Dennis Luxford war schon da. Es war ihm gelungen, einen grauen Tisch zu erobern, der in einer Ecke stand und von einer gewaltigen gelben Säule teilweise abgeschirmt war. Er trank irgendein Sprudelgetränk aus einem hohen Glas und tat so, als studierte er die Speisekarte.
Eve hatte ihn seit dem Nachmittag nicht mehr wiedergesehen, an dem er erfahren hatte, daß sie schwanger war. In den nachfolgenden zehn Jahren hätten sich ihre Pfade leicht kreuzen können, besonders nachdem sie ihre politische Karriere begonnen hatte, aber sie hatte dafür gesorgt, daß das nicht geschah. Ihm war es offenbar ganz recht gewesen, von ihr Abstand zu halten, und da seine Position als Chefredakteur zuerst des Globe und dann der Source nicht verlangte, persönlichen Kontakt zu Politikern zu pflegen, wenn er das nicht wollte, hatte er nie wieder an einer Versammlung der Konservativen oder anderen Veranstaltungen teilgenommen, wo sie einander hätten begegnen können.
Er hatte sich kaum verändert. Dasselbe volle, helle Haar, dieselbe elegante Kleidung, dieselbe drahtige Figur, dieselben überlangen Koteletten. Auch die Narbe an seinem Kinn, Erinnerung an eine Schlägerei im Schlafsaal kurz nach seiner Ankunft im Knabeninternat Baverstock, war noch da, wie sie sah, als er aufstand. Als sie während ihrer sexuellen Aktivitäten im Hotelzimmer in Blackpool vor über zehn Jahren einmal eine Pause eingelegt hatten, hatten sie ihre Gesichtsnarben verglichen. Sie hatte ihn gefragt, warum er sich nicht einen Bart wachsen lasse, um die seine zu verstecken. Er hatte wissen wollen, warum sie die ihre, die ihre rechte Augenbraue teilte, mit dem überlang getragenen Pony unbedingt verstecken wolle.

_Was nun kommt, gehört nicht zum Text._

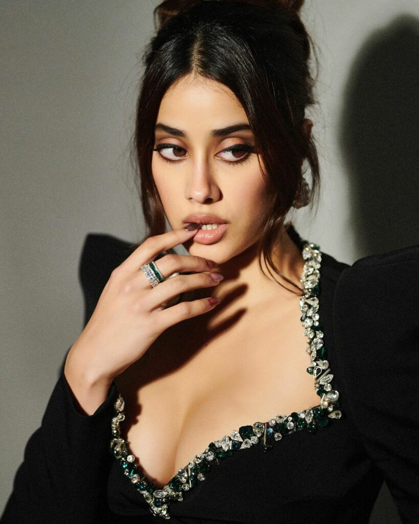 While the deep v-neck with the stones garnered all the attention, youthful hearts are being wrecked by the stunningly gorgeous bosom treat. Additionally, Janhvi's open-lipped face is quite sensual and severely teases the young people. As she posted these images, Janhvi said "Seasons Greetings," and with her stunning appearance, she is only raising the temperature.

»Dennis«, sagte sie, die dargebotene Hand übersehend. Sie schob sein Glas auf die andere Seite des Tisches, so daß nun er und nicht sie sich mit Blick in den Raum setzen mußte. Dann stellte sie ihren Aktenkoffer zu Boden und ließ sich auf dem Stuhl nieder, auf dem er gesessen hatte. »Ich habe genau zehn Minuten.« Sie fegte die Speisekarte weg und sagte, als der Kellner an den Tisch trat: »Einen Kaffee. Schwarz. Nichts dazu.«
Als der Kellner gegangen war, wandte sie sich Dennis zu.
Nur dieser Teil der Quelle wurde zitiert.